Monday, December 1, 2014

A Healing Table

     The following ancestral story informed a sermon I preached at the Stone-Campbell Dialogue last year.  That sermon is about personal integration and the Eucharist, particularly for those, like Paul, who suffer from post-traumatic stress and from what is now commonly called “moral injury.” The sermon is due to be published and is on the Disciples’ website at the following link:


     I have a wide and varied spiritual inheritance.  My Grandfather taught me about theological reflection.  My Dad taught me to channel passions toward holy ends.  But it has always been the spirituality in my Great-Uncle’s Cletis’ preaching voice that resounds in my head as I pray. One afternoon about seven years ago I shared my frustration with my own development with my Great-Uncle Cletis, and, as afternoon turned to evening, he told me about a pivotal moment in his own young life.
         I repeat the story with some trepidation, for numbers of my readers will remember my great uncle in later years with great admiration. Some will still remember his father, my Great-Grandfather, Archie, as a supportive Elder in the Church, who traveled across the county each week to listen to his son, Cletis, proclaim the wonders of Christ’s reconciling love. 
       But it was not always this way. Great-Uncle Cletis told me that he and his Dad (my great-grandfather) were estranged for years, until my Great-Great Grandfather, Sherman Williams, went over to Great-grandpa Archie’s one afternoon with the instruction, “Come and go with me.” 
       Once in the car, great-grandpa Archie asked, “Where are we going?”
      “I’ll tell you when we get there,” Grandpa Sherman replied.
       As they pulled into uncle Cletis’ yard, it was Grandpa Sherman’s Christian gravitas that got both men—Father and son, Archie and Cletis--together at the kitchen table, where, with tears in his eyes, Grandpa Sherman plead for peace.  Something mysterious happened, and the two men were able to begin an incomplete but life-long process of healing.
       I am the third and fourth generation removed from these forebears, and as a student of Exodus I am thankful that it has been the ramifications of that healing which have been visited upon me.  I cannot fathom what is at stake for a vast future at such tables.  I probably can’t offer a greater tribute to these three generations than to say that by the time I came along I never could have dreamed that such bitterness ever existed.    Yet, to know stories like these is a precious inheritance to be passed down for a thousand generations for those that fear God.  Raw stories like this one, especially when they they hit close to home, seem to plant my feet more securely.  They infuse me with some kind of subterranean confidence.  Transformation is possible even for me and my family.  None of us who come to the Lord’s Table are completely stuck.  The family is open.  So is the table.             

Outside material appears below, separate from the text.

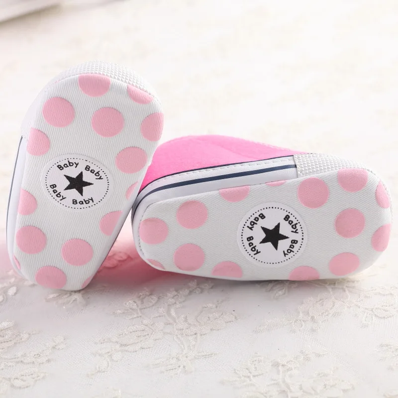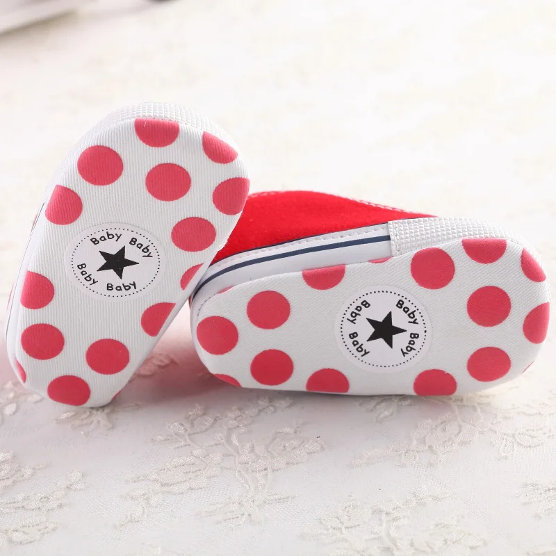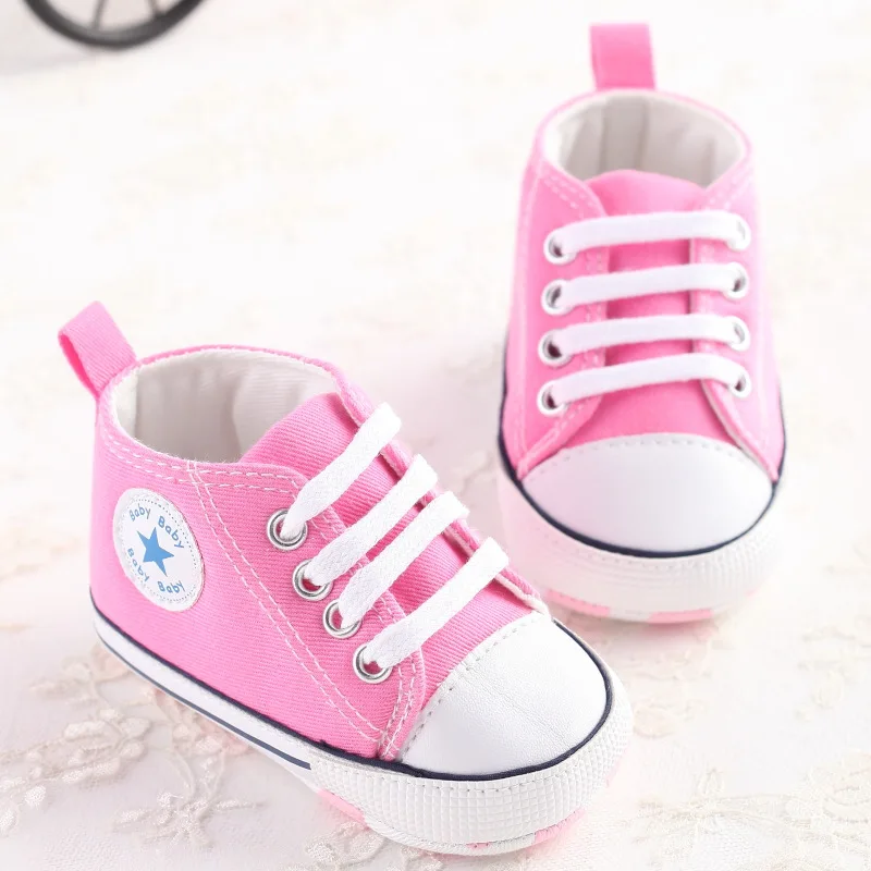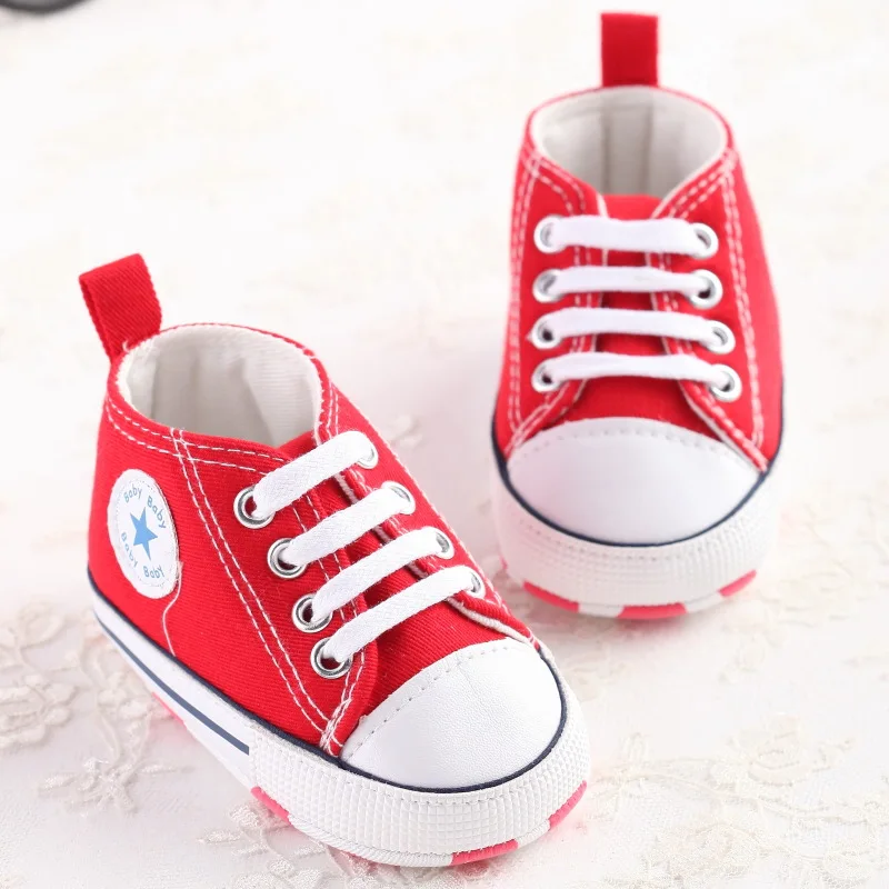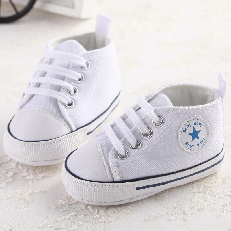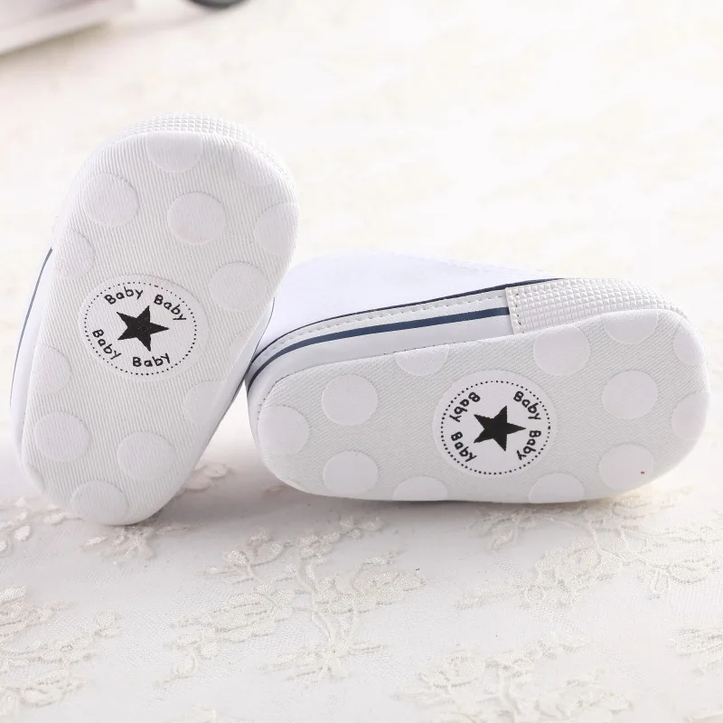 Material: Canvas Style: Baby First Walkers Color: Blue, Pink, Red, White Size: Fit for 0-18 months baby 1 inch= 2.54 cm please check the size reference: US 1.0= insole Length 11 CM/ 4.41” Suitable for 0-6 months baby US 2.0= insole Length 12 CM/ 4.92” Suitable for 6-12 months baby US 3.0= insole Length 13 CM/ 5.23” Suitable for 12-18 months baby We suggest that the shoes’ length should longer than your baby’s foot 0.5 to 1cm. Because of the different measurement methods, there may be 1-2cm of the allowable range error.

       People often look at those of us who are trying to lead the church as if we could not understand their difficulties.   Sometimes that is only because stories like this one get buried.  Here’s the truth: the greatest women and men that I've known have always had a story about how grace healed their own broken heart.  Any healthy Christian ministry can name dirty laundry that has been aired and that the Savior continues to wash.  This was Paul’s story.  Blasphemers, violent men, they all belong at the family table.   Sheep still hear and recognize the Shepherd’s welcoming voice.   So, as I still hear Uncle Cletis re-sounding in deep places within me, I trust that through his voice I’m hearing the Shepherd who welcomed my broken family to table generations ago.